By default, OTel is using Baggage and Trace Context,
which are two specifications that allow us to pass down tracing information through
multiple services. As seen in the Trace Context, the traceparent
HTTP header
is formed as follows:
version-format = trace-id "-" parent-id "-" trace-flags
trace-id = 32HEXDIGLC ; 16 bytes array identifier. All zeroes forbidden
parent-id = 16HEXDIGLC ; 8 bytes array identifier. All zeroes forbidden
trace-flags = 2HEXDIGLC ; 8 bit flags. Currently, only one bit is used.
As you might be thinking, this doesn’t seem that hard to generate. And that’s what
we will do. The following commands generate and print a traceparent
for us, and
then passes it onto the request.
$ trace_id="$(cat /dev/urandom | gtr -dc 'a-f0-9' | fold -w 32 | head -n 1)"
$ parent_id="00$(cat /dev/urandom | gtr -dc 'a-f0-9' | fold -w 14 | head -n 1)"

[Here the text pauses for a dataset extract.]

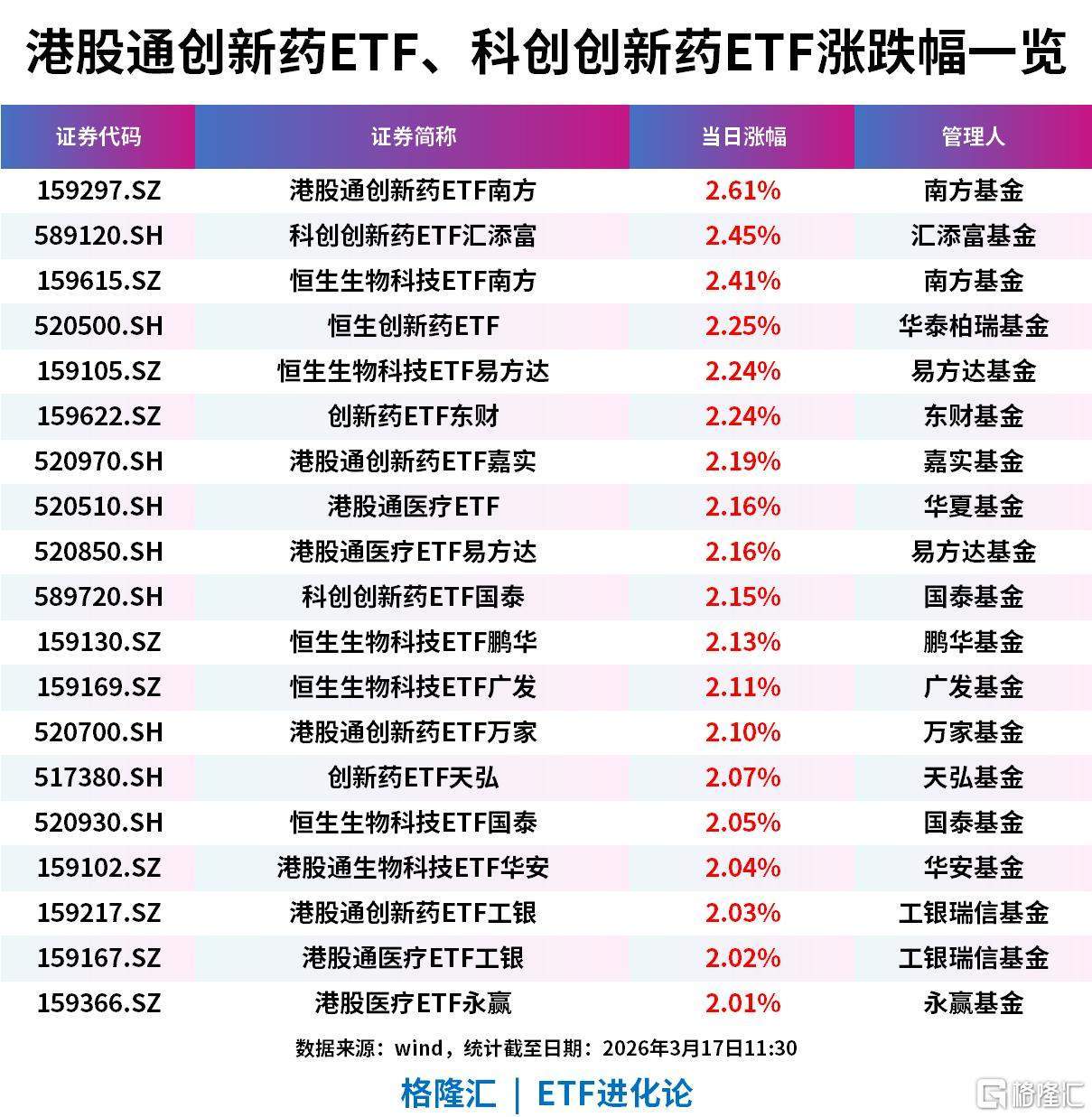 创新药板块上涨,港股通创新药ETF南方、科创创新药ETF汇添富、恒生生物科技ETF南方、恒生创新药ETF、恒生生物科技ETF易方达、创新药ETF东财、港股通创新药ETF嘉实、港股通医疗ETF、港股通医疗ETF易方达、科创创新药ETF国泰、恒生生物科技ETF鹏华、恒生生物科技ETF广发、港股通创新药ETF万家、创新药ETF天弘、恒生生物科技ETF国泰、港股通生物科技ETF华安、港股通创新药ETF工银、港股通医疗ETF工银、港股医疗ETF永赢涨超2%。

$ trace_parent="00-$trace_id-$parent_id-01"
$ echo $trace_parent
00-8ef0da10cfb0183cdf8fcbe89b778bf6-0040a998f29eaaa3-01
$ curl -H "Traceparent: $trace_parent" "http://127.0.0.1:8080/?text=capybara"
arabypac
If we now go to the Jaeger UI, and search for the trace_id
, which, in this case,
is 8ef0da10cfb0183cdf8fcbe89b778bf6
, we will be able to find the exact request
we’ve done with all the steps along the way. Since we created a span inside a recursive
function, we can even see each iteration.
You can imagine how this can be useful while developing some service that makes requests across different packages and other services. In addition, this can be used by multiple applications in different programming languages. The sky β οΈ is the limit now.
I really hope this article was interesting to you, and I also hope that you learned anything new. It’s been a nice time working on adding tracing to our services and I think it will make a difference since it’s now clearer where bottlenecks are.